Байрон, типичный рок-н-ролльный бунтарь, родившийся за столетия до появления этого жанра, глядя в будущее, видит то, что увидел бы любой здравомыслящий атеист, — разрушение, смерть, угасание. Космосом неминуемо будет управлять логика конечности всего и вся, если только за пределами Вселенной не появится нечто сверхъестественное, которое ее обновит.
Возникает вопрос, почему мы должны считать такой сценарий столь уж мрачным? Разумеется, это конец, но никак не близкий — от него нас отделяют триллионы лет. Для астрофизиков это всего лишь краткий миг в долгом течении нашего коллективного будущего, но для всех остальных людей как индивидов и даже как биологического вида — вряд ли повод для беспокойства. В среднем каждый вид млекопитающих существует около миллиона лет, а потому маловероятно, что мы доживем до момента, когда примерно через миллиард лет усиливающийся жар Солнца сделает нашу планету необитаемой. Быть может, нас тревожит именно понимание того, что мы разделяем злой рок со Вселенной?
Возможно, мы были бы способны принять мысль о собственной смертности, если бы знали, что это не равно концу истории всего человечества, которое обойдется и без нас, двигаясь по пути к своей финальной цели, какова бы она ни была. Выживание человеческого рода — ключевая проблема почти всех апокалиптических сценариев. Но если наш пункт назначения неизбежно оказывается конечной остановкой, то, право, в чем же тогда смысл всего этого?
Подобный ход рассуждений может привести к довольно пессимистическому взгляду на жизнь. Среди философов, чья задача скорее вскрывать настоящее положение вещей, а не приукрашать его духоподъемными историями, распространен такой абсолютный пессимизм. Румынский мыслитель Эмиль Чоран невозмутимо взирал на подчиненный энтропии космос и бесстрастно замечал: «Когда-нибудь эта старая лачуга, которую мы называем миром, развалится. Как именно, мы не знаем, да и, в сущности, нам нет до этого дела. Поскольку ни в чем нет ничего важного, а жизнь — это вращение в пустоте, ее начало и конец не имеют значения»[90]

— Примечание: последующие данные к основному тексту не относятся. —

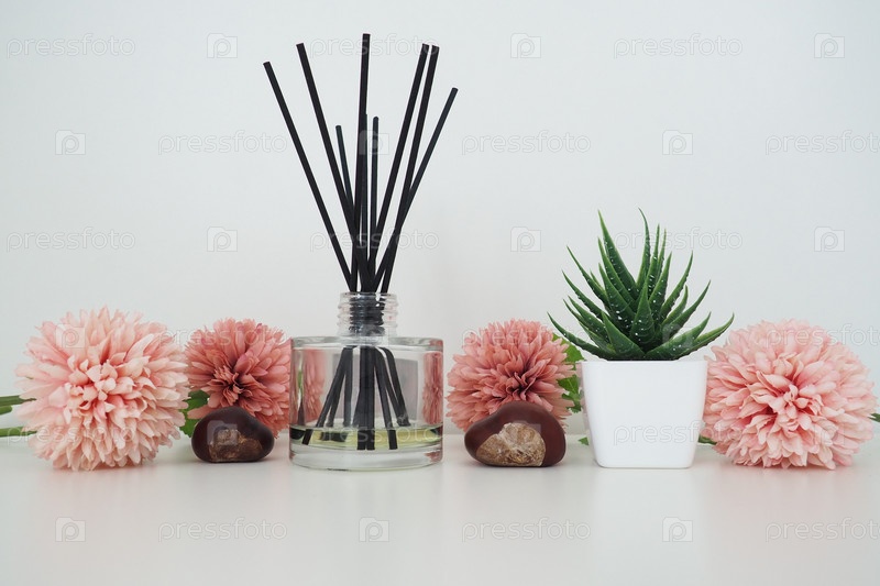 Композиция из розовых искусственных цветов, ароматических палочек в стеклянной вазе с эфирным маслом. Натюрморт на белом столе. Цветок алоэ в белом горшке. Декор комнат и квартир, дизайн интерьера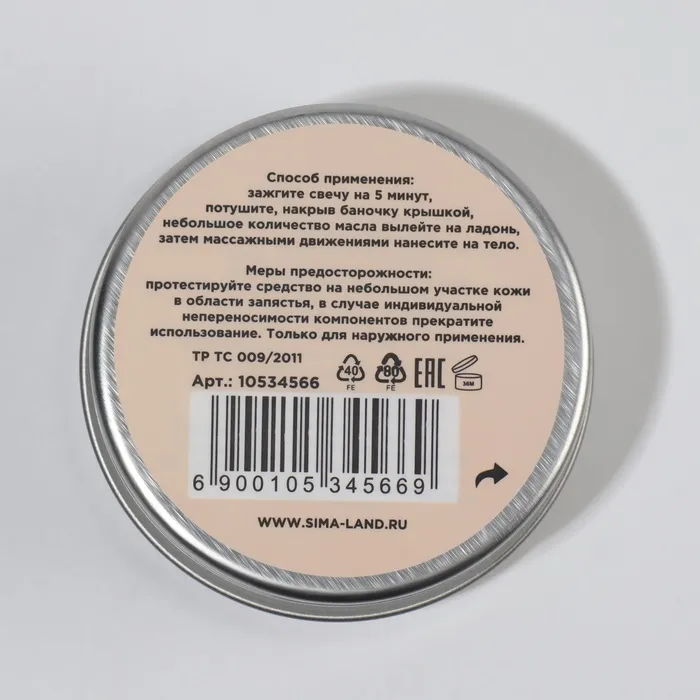 Свеча массажная для рук и ног, 55 мл, аромат ваниль — Характеристики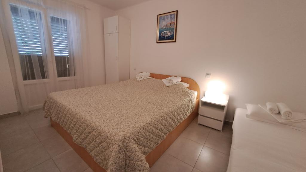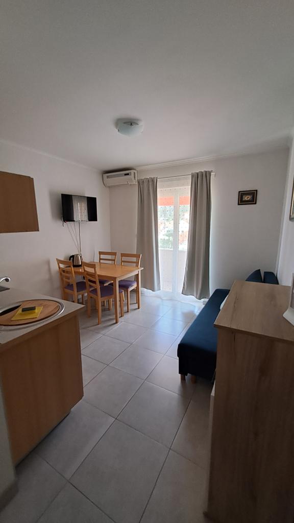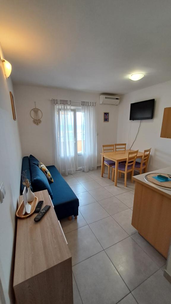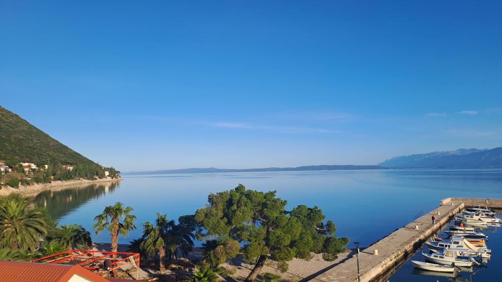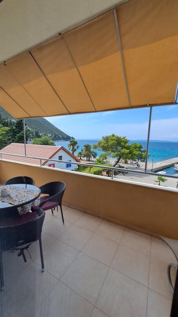 Popolnoma nov in moderno opremljen apartma v Trpanju, ki se nahaja v prvi vrsti do morja, v drugem nadstropju hiše. Objekt se nahaja nekaj korakov od plaže in nekaj minut od centra. Apartma ima eno spalnico, popolnoma opremljeno kuhinjo v jedilnici in dnevno sobo, kopalnico in veliko teraso. Soba vključuje zakonsko posteljo in dodatno ležišče, v dnevni sobi pa raztegljiv kavč za do dve osebi.

.Родоначальником подобного философского пессимизма был Артур Шопенгауэр, человек настолько угрюмый, что его собственная мать писала ему: «Ты возмутительный, пренесносный тип, с которым не представляется возможным жить под одной крышей. Твое самомнение перекрывает все твои достоинства, делая их совершенно бесполезными для общества просто потому, что ты не можешь сдержать свою склонность находить недостатки во всех, кроме самого себя». Шопенгауэр считал космос в целом намного более несчастным, чем счастливым, и, таким образом, на космическом уровне утверждал, что не только несуществование мира так же возможно, как и его существование, но и что первое предпочтительнее второго. Если бы Шопенгауэр был знаком с концепцией современных физиков о холодной и неподвижной стерильности, в которой закончит свои дни наша Вселенная, он, возможно, отнесся бы к ней благосклонно.